The barrel-shaped coil spring of the present invention is not limited to the above-mentioned embodiments, and includes barrel-shaped coil springs that have a curved generatrix shape when no load is applied, similarly straight barrel-shaped coil springs, and taper-shaped coil springs that gradually reduce the wire diameter from the center of the spring toward both ends of the spring. It can be broadly interpreted and applied to barrel-shaped coil springs made of wire.

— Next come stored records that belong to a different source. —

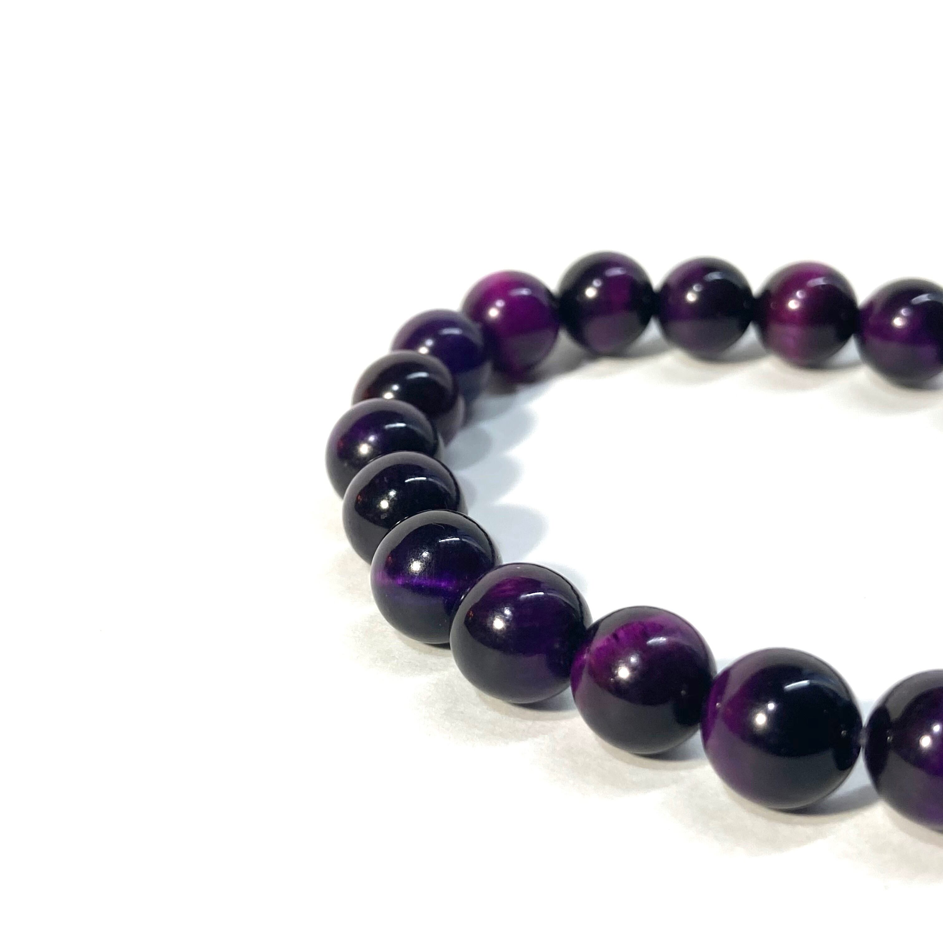 こちらは、パープルタイガーアイの8mm玉を使用したパワーストーンブレスレットです。シンプルなデザインは、シーン問わずどんなコーディネートとも合わせ易いブレスレットです。内周15cmです。(サイズ変更は1cmあたり100円で承っております。サイズ変更の場合は金額変更しますのでメッセージにてご連絡くださいませ。)気になる方はお早めにどうぞ。
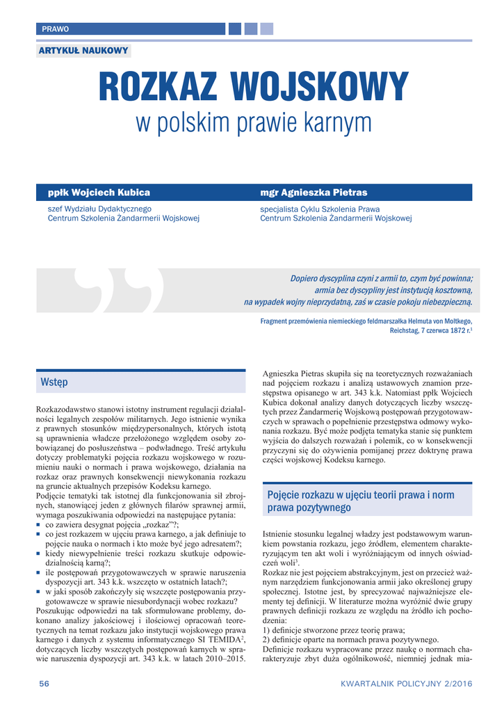 prawo artykuł naukowy Rozkaz wojskowy w polskim prawie karnym ppłk Wojciech Kubica mgr Agnieszka Pietras szef Wydziału Dydaktycznego Centrum Szkolenia Żandarmerii Wojskowej specjalista Cyklu Szkolenia Prawa Centrum Szkolenia Żandarmerii Wojskowej Dopiero dyscyplina czyni z armii to, czym być powinna; armia bez dyscypliny jest instytucją kosztowną, na wypadek wojny nieprzydatną, zaś w czasie pokoju niebezpieczną. Fragment przemówienia niemieckiego feldmarszałka Helmuta von Moltkego, Reichstag, 7 czerwca 1872 r.1 Wstęp Rozkazodawstwo stanowi istotny instrument regulacji działalności legalnych zespołów militarnych. Jego istnienie wynika z prawnych stosunków międzypersonalnych, których istotą są uprawnienia władcze przełożonego względem osoby zobowiązanej do posłuszeństwa – podwładnego. Treść artykułu dotyczy problematyki pojęcia rozkazu wojskowego w rozumieniu nauki o normach i prawa wojskowego, działania na rozkaz oraz prawnych konsekwencji niewykonania rozkazu na gruncie aktualnych przepisów Kodeksu karnego.1 Podjęcie tematyki tak istotnej dla funkcjonowania sił zbrojnych, stanowiącej jeden z głównych filarów sprawnej armii, wymaga poszukiwania odpowiedzi na następujące pytania: ▪▪ co zawiera desygnat pojęcia „rozkaz”?; ▪▪ co jest rozkazem w ujęciu prawa karnego, a jak definiuje to pojęcie nauka o normach i kto może być jego adresatem?; ▪▪ kiedy niewypełnienie treści rozkazu skutkuje odpowiedzialnością karną?; ▪▪ ile postępowań przygotowawczych w sprawie naruszenia dyspozycji art. 343 k.k. wszczęto w ostatnich latach?; ▪▪ w jaki sposób zakończyły się wszczęte postępowania przygotowawcze w sprawie niesubordynacji wobec rozkazu? Poszukując odpowiedzi na tak sformułowane problemy, dokonano analizy jakościowej i ilościowej opracowań teoretycznych na temat rozkazu jako instytucji wojskowego prawa karnego i danych z systemu informatycznego SI TEMIDA2, dotyczących liczby wszczętych postępowań karnych w sprawie naruszenia dyspozycji art. 343 k.k. w latach 2010–2015. 56 Agnieszka Pietras skupiła się na teoretycznych rozważaniach nad pojęciem rozkazu i analizą ustawowych znamion przestępstwa opisanego w art. 343 k.k. Natomiast ppłk Wojciech Kubica dokonał analizy danych dotyczących liczby wszczętych przez Żandarmerię Wojskową postępowań przygotowawczych w sprawach o popełnienie przestępstwa odmowy wykonania rozkazu. Być może podjęta tematyka stanie się punktem wyjścia do dalszych rozważań i polemik, co w konsekwencji przyczyni się do ożywienia pomijanej przez doktrynę prawa części wojskowej Kodeksu karnego. Pojęcie rozkazu w ujęciu teorii prawa i norm prawa pozytywnego Istnienie stosunku legalnej władzy jest podstawowym warunkiem powstania rozkazu, jego źródłem, elementem charakteryzującym ten akt woli i wyróżniającym od innych oświadczeń woli3. Rozkaz nie jest pojęciem abstrakcyjnym, jest on przecież ważnym narzędziem funkcjonowania armii jako określonej grupy społecznej. Istotne jest, by sprecyzować najważniejsze elementy tej definicji. W literaturze można wyróżnić dwie grupy prawnych definicji rozkazu ze względu na źródło ich pochodzenia: 1)definicje stworzone przez teorię prawa; 2)definicje oparte na normach prawa pozytywnego. Definicje rozkazu wypracowane przez naukę o normach charakteryzuje zbyt duża ogólnikowość, niemniej jednak miaKWARTALNIK POLICYJNY 2/2016 prawo rozkaz wojskowy w prawie karnym ły one dość duży wpływ na kształtowanie się tego pojęcia w ujęciu przepisów wojskowych i prawnokarnym zakresie. Tak np. według Czesława Znamierowskiego rozkaz jest to pewien szczególny gatunek stanowienia, stanowienie reguły postępowania dla innych ludzi4. Podobne sformułowanie prezentuje Stanisław Cheliński, według którego rozkaz to jednostronne ustanowienie normy zobowiązującej5, a więc adresowana jest ona do kogoś innego. Pierwsze definicje rozkazu na gruncie polskiego prawa sformułowano w okresie międzywojennym, a w swej treści nawiązywały one do przepisów prawa wojskowego i karnego. Rozkaz rozumiany był jako „jednostronne, kategoryczne (stanowcze) oświadczenie woli przełożonego (rozkazującego)”6. Inna grupa definicji opierała się na kryteriach leksykalnych, według których „rozkaz to polecenie określonego działania lub zaniechania”, „wydanie polecenia podwładnemu, podkomendnemu”7. Prezentowane przykłady nie zawierały w swej treści wszystkich elementów właściwych dla rozkazu. Stwierdzenie, że rozkaz stanowi „oświadczenie woli przełożonego”, jest bardzo płynne. Także i „jednostronność” nie jest swoistą cechą rozkazu, gdyż nie pozwala na odróżnienie rozkazu od innych jednostronnych oświadczeń woli. W zorganizowanym pod względem prawnym społeczeństwie często spotykamy się bowiem ze stosunkiem zwierzchnictwa i podporządkowania. Co do zasady zwierzchnicy w zakresie swoich uprawnień podejmują decyzje wykonywane przez podwładnych. Rodzi się zatem pytanie: czy zawsze i we wszystkich strukturach społecznych akty woli zwierzchników kierowane do podwładnych są rozkazami w rozumieniu wojskowego prawa karnego i administracyjnego? Z punktu widzenia aktu rozkazodawczego ważne jest istnienie dwóch jego członów: 1)działanie rozkazującego (wydanie rozkazu, rozkazywanie); 2)treść nakazanego zachowania się rozkazobiorcy (norma rozkazowa – treść rozkazu). W zależności od tego, na który z tych elementów rozkazu będzie położony nacisk, różnie będzie się kształtować jego pojęcie. A zatem patrząc od strony działania rozkazującego, ważna będzie wola rozkazującego, natomiast patrząc od strony treści – polecenie. W obu przypadkach rozkaz ma charakter jednostronny, ale doskonale wiemy, że dopiero połączenie tych dwóch elementów – wyrażenia woli i treści nakazanej czynności – tworzy powinność i narzucenie woli jednego p
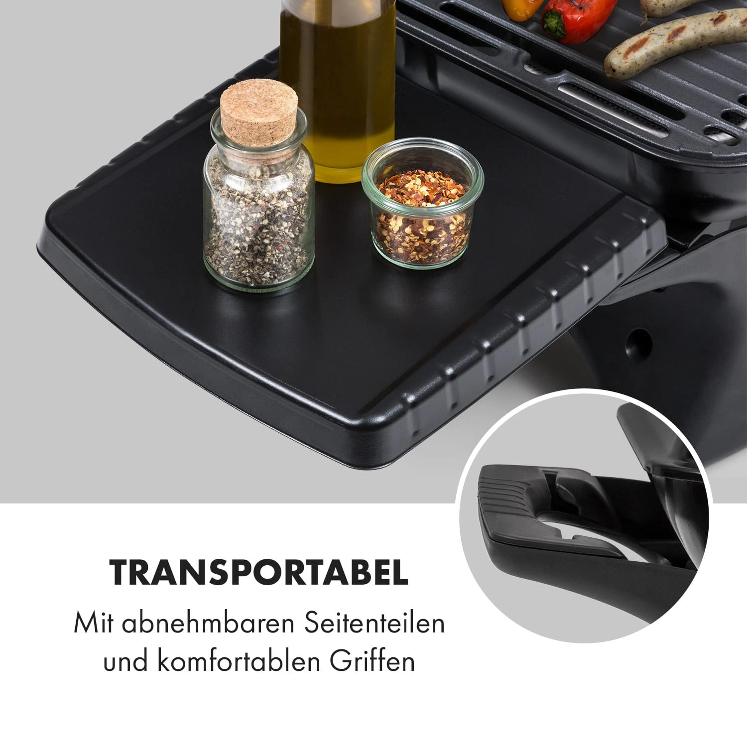 Um höchste Mobilität zu ermöglichen, lassen sich die Seitenteile in Sekundenschnelle abnehmen. Der Gasgrill kann nun mit Hilfe seiner großzügigen Griffen komfortabel getragen werden und findet überall im Außenbereich schnell einen Aufstellort.
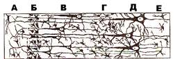 26. Ү лкен ми қ ыртысының А ә ріпімен белгіленген қ абаты: a. молекулярлы b. сыртқ ы дә нді c. пирамидалы d. ішкі дә нді e. ганглионарлы 27. Ү лкен ми қ ыртысының Б ә ріпімен белгіленген қ абаты: a. молекулярлы b. сыртқ ы дә нді c. пирамидалы d. ішкі дә нді e. ганглионарлы 28. Ү лкен ми қ ыртысының В ә ріпімен белгіленген қ абаты: a. молекулярлы b. сыртқ ы дә нді c. пирамидалы d. ішкі дә нді e. ганглионарлы 29. Ү лкен ми қ ыртысының Г ә ріпімен белгіленген қ абаты: a. молекулярлы b. сыртқ ы дә нді c. пирамидалы d. ішкі дә нді e. ганглионарлы 30. Ү лкен ми қ ыртысының Д ә ріпімен белгіленген қ абаты: a. молекулярлы b. сыртқ ы дә нді c. пирамидалы d. ішкі дә нді e. ганглионарлы 31. Ү лкен ми қ ыртысының Е ә ріпімен белгіленген қ абаты: a. полиморфты жасушалар қ абаты b. сыртқ ы дә нді c. пирамидалы d. ішкі дә нді e. ганглионарлы 32. Жұ лынның сұ р затындағ ы шоғ ырлы жасушалардың аксондарының ерекшеліктері: a. жұ лынның ақ затына ө теді b. алдың ғ ы тү біршекпен бірге жұ лыннан шығ ады c. жұ лынның ө з жағ ындағ ы сұ р затында аяқ талады d. жұ лынның қ арама-қ арсы жағ ындағ ы сұ р затында аяқ талады e. артқ ы тү біршекпен бірге жұ лынғ а кіреді
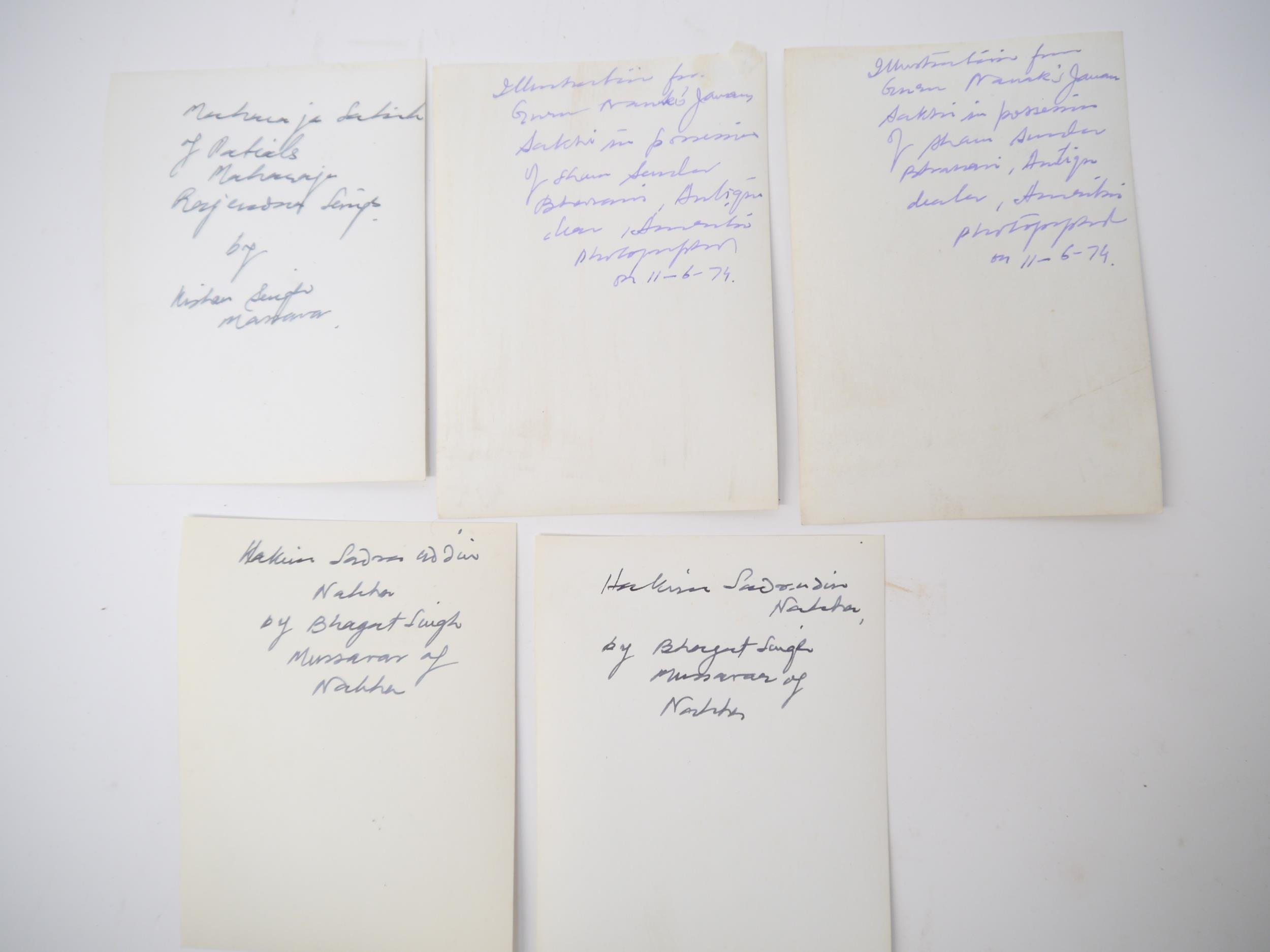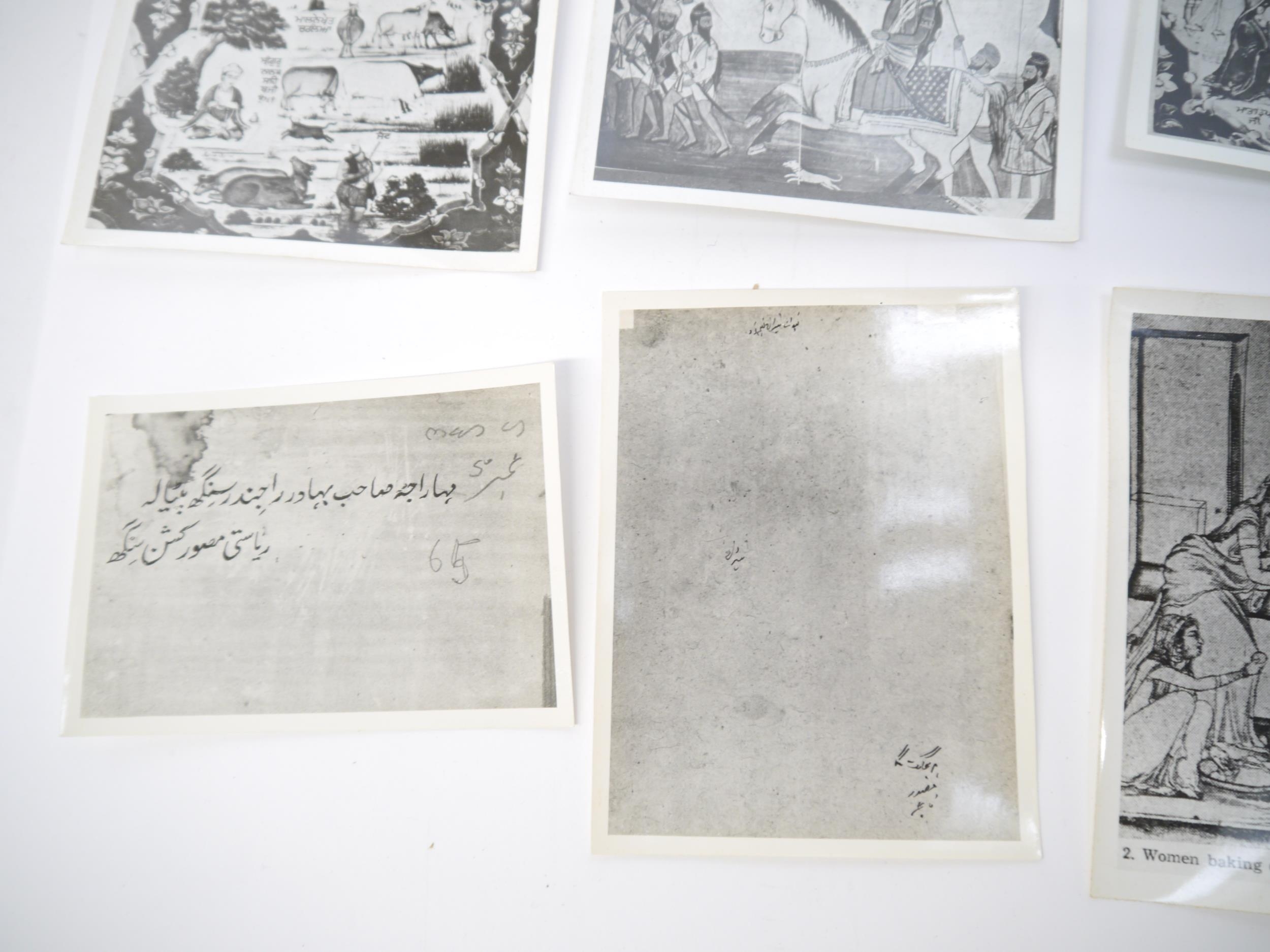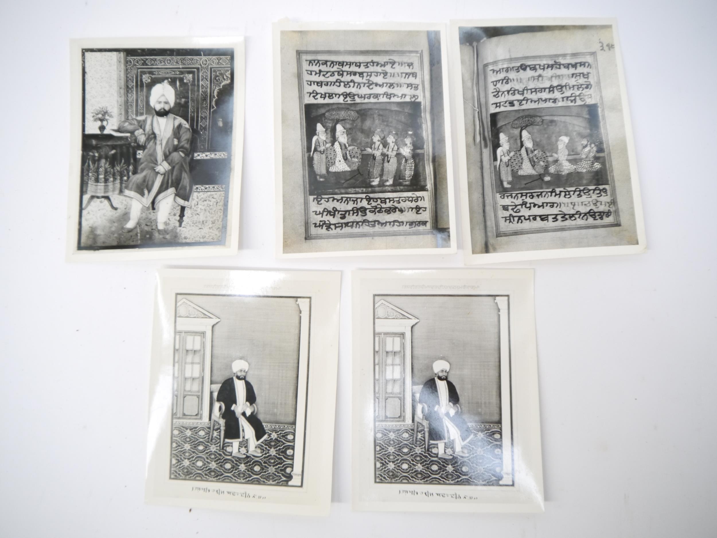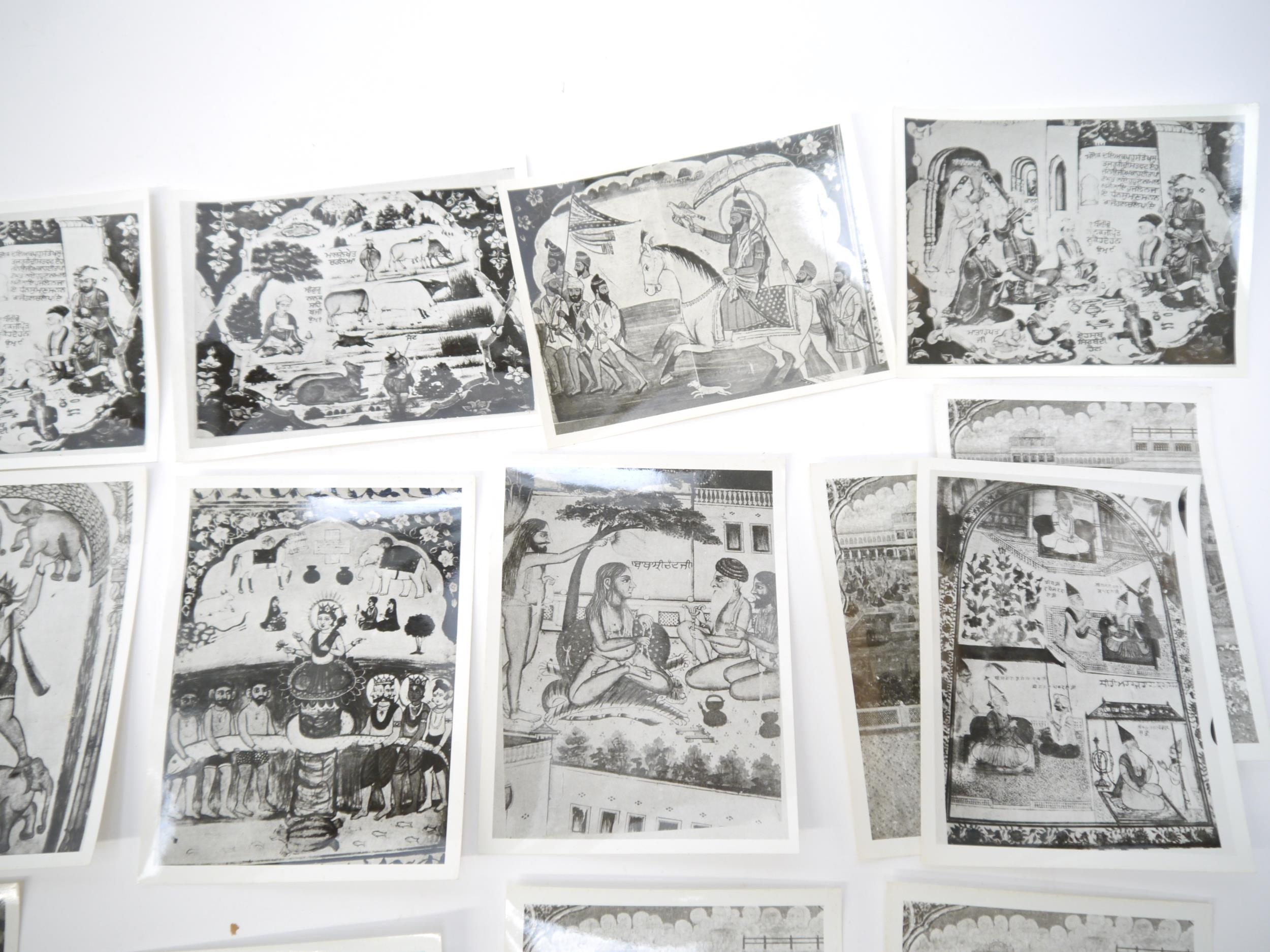(India, Punjab), an envelope containing 50+ circa mid 20th Century photographs of Punjab school miniature paintings depicting various Sikh Gurus etc, a few of the photographs with pen & ink captions/annotations verso by R.P. Srivastava, scholar and author on Punjab painting. Images mainly approx 8.5 x 12cm. A scarce record of Punjab miniature paintings, with many of the original 18th & 19th Century paintings having been lost
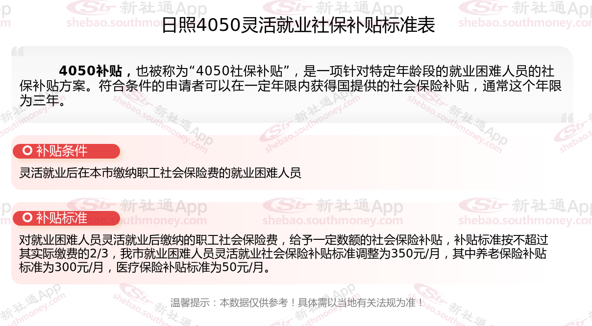二、2025年日照4050社保补贴标准及条件,最新如下:

The forming procedure is therefore not limited to the above example, but could also start from each right half, depending on the winding direction. On the other hand, the length of the straight portion 5 in the above-mentioned manufacturing method is not limited to the diameter of the maximum winding or 1/2 of the circumference of the maximum winding diameter. The minimum length that can avoid mutual interference between the two and the interference between the wire and the molding die is preferable, and is arbitrarily selected depending on the wire diameter and coil diameter of the spring to be molded. Also, the requirements for the above-mentioned tangential direction in the straight section 5, the lead angle and the parallelism of each of the two halves connected by the straight section 5 are proportional to the degree to which the requirements are completely fulfilled. This makes it possible to more accurately and easily form a shaped coil spring, but the invention can also be practiced when the above requirements are not met. Further, in the above embodiments, the mold has guide grooves formed on its surface, but the present invention also includes a simple truncated cone-shaped mold in which the wire is guided by other suitable guides. , the material of the mold, the mechanical properties, the clamping mechanism, etc. can be selected and applied as desired according to conventional techniques.

[Brief explanation of the drawing]

Figure 1: Top view of barrel-shaped coil spring, Figure 2:
A plan view showing the manufacturing method of the present invention, FIG. 3: A plan view A and its side view, FIG. 4, also showing the manufacturing method:
Plan view of an embodiment of the manufacturing apparatus of the present invention, Nos. 5 to 7
Figure: FIG. 4 is an explanatory diagram of the operation of the embodiment of FIG. 4. Explanation of main symbols, 1: Wire rod, 2: Spring height direction center line, 3, 4: Winding axis, 5: Straight line part, 6
L, 6R: Molding mold, 7: Guide groove, 8L, 8R: Rotating shaft, 9, 10: Molding mold axis, P: Contact point of each left and right half, L: Each left half, R: Each right half , is.

Claims (1)

[Claims] 1. Winding in the direction from the minimum winding diameter to the maximum winding diameter of one of the two halves divided by the center line in the height direction of the barrel-shaped coil spring. death,
Furthermore, the same wire is wound in the direction from the maximum winding diameter part to the minimum winding diameter of each other half, and the length is at least longer than the maximum winding diameter,
The formed two halves are formed by a straight line portion having a length equivalent to the unwound wire material and centered at the contact point of each of the two half portions.
Each of the two halves is preformed into an interconnected shape, and then the straight part is subjected to a predetermined curving and shaping process, and the winding axes of the two halves overlap. Manufacturing method for barrel-shaped coil springs. 2 Equipped with two frusto-conical molds for guiding and winding the wire, each having a shape corresponding to the winding shape of each of the two halves divided by the height center line of the barrel-shaped coil spring. The forming die has two parallel axes having a center-to-center distance equal to or greater than the maximum winding diameter of the barrel-shaped coil spring, and is positioned such that the truncated conical shapes are in opposite directions; A manufacturing device for a barrel-shaped coil spring, characterized by a structure that is coaxially supported on the bottom surface of the shape, and has a separate rotation mechanism and a separate axial linear movement mechanism.